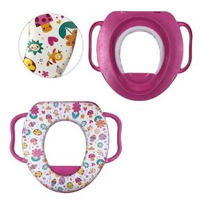 Assento Redutor Sanitário Infantil Alças Adaptador Acolchoado para Vaso Conforto Rosa Yeet
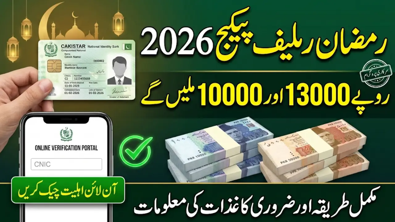 Ramzan Relief Package 2026 is a government initiative aimed at supporting families during the holy month of Ramzan. This year, two main assistance amounts are being provided: Rs 13,000 and Rs 10,000. These payments are intended to help eligible households cover essential expenses, including food and daily necessities, during the fasting period.
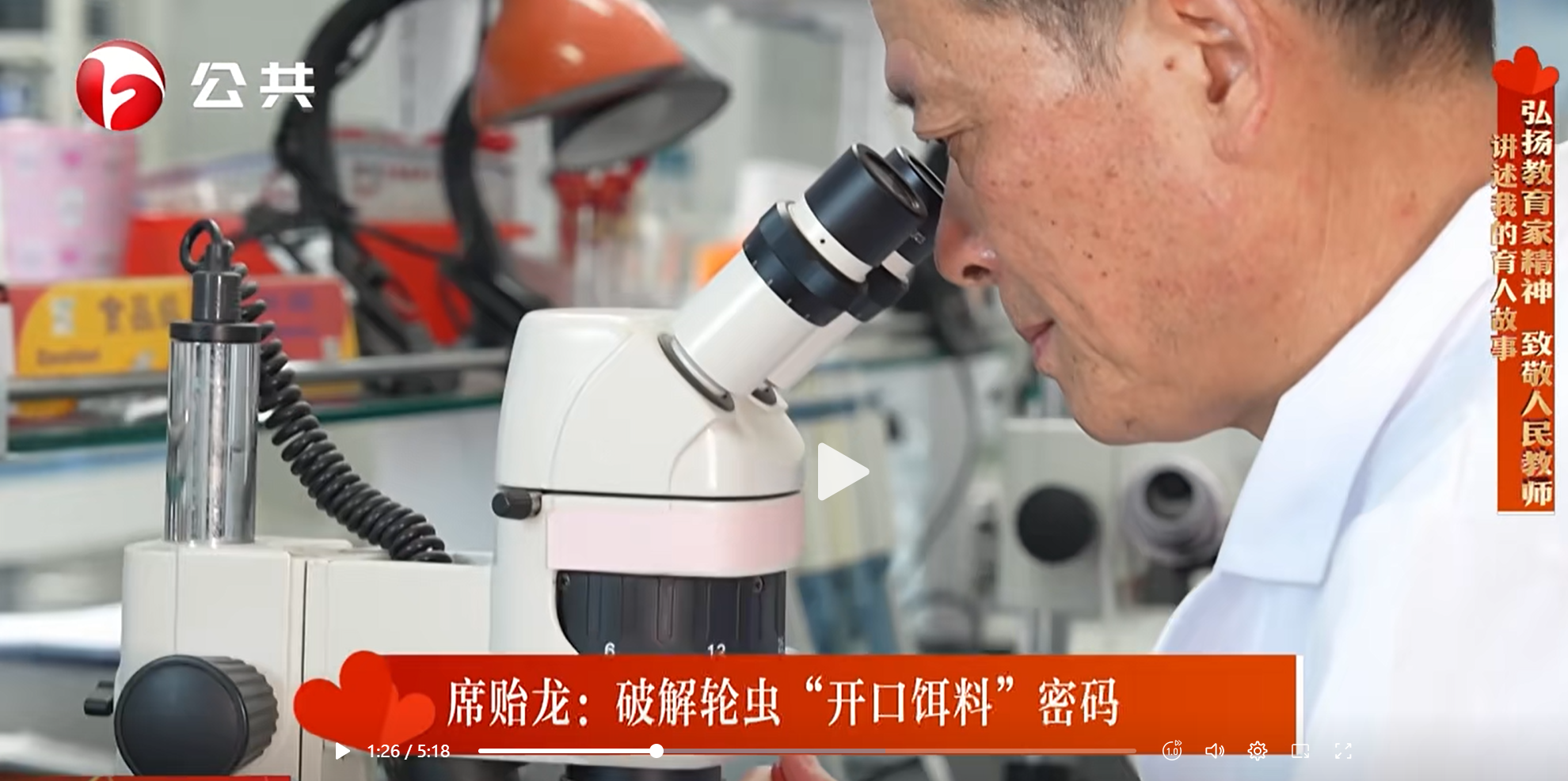 【安徽公共频道】:弘扬教育家精神 致敬人民教师——讲述我的育人故事“心与心愿”教育公益活动之席贻龙:破解轮虫“开口饵料”密码
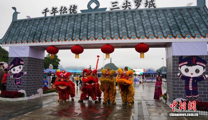 11月8日,中國唯一的仫佬族自治縣——廣西河池市羅城仫佬族自治縣舉辦傳統(tǒng)節(jié)日依飯節(jié),當(dāng)?shù)孛癖娚碇褡宸棧d歌載舞,展示仫佬族民俗風(fēng)情。依飯節(jié)有500余年歷史,是仫佬族民眾感恩還愿、慶祝豐收的傳統(tǒng)節(jié)日。圖為舞獅表演。中新社記者 黃艷梅 攝
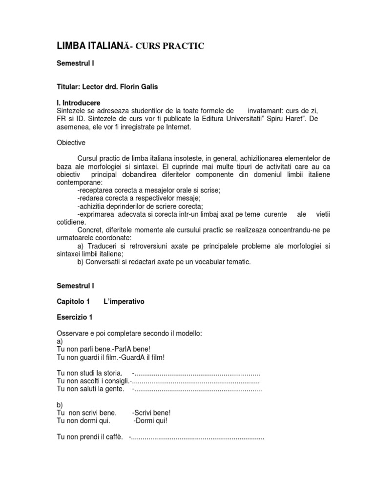 Cursul practic de limba italiana insoteste, in general, achizitionarea elementelor de

**Your task:** The material should be returned verbatim, with all images omitted.

**Response to the exercise:**
 Assento Redutor Sanitário Infantil Alças Adaptador Acolchoado para Vaso Conforto Rosa Yeet
 Ramzan Relief Package 2026 is a government initiative aimed at supporting families during the holy month of Ramzan. This year, two main assistance amounts are being provided: Rs 13,000 and Rs 10,000. These payments are intended to help eligible households cover essential expenses, including food and daily necessities, during the fasting period.
 【安徽公共频道】:弘扬教育家精神 致敬人民教师——讲述我的育人故事“心与心愿”教育公益活动之席贻龙:破解轮虫“开口饵料”密码
 11月8日,中國唯一的仫佬族自治縣——廣西河池市羅城仫佬族自治縣舉辦傳統(tǒng)節(jié)日依飯節(jié),當(dāng)?shù)孛癖娚碇褡宸棧d歌載舞,展示仫佬族民俗風(fēng)情。依飯節(jié)有500余年歷史,是仫佬族民眾感恩還愿、慶祝豐收的傳統(tǒng)節(jié)日。圖為舞獅表演。中新社記者 黃艷梅 攝
 Cursul practic de limba italiana insoteste, in general, achizitionarea elementelor de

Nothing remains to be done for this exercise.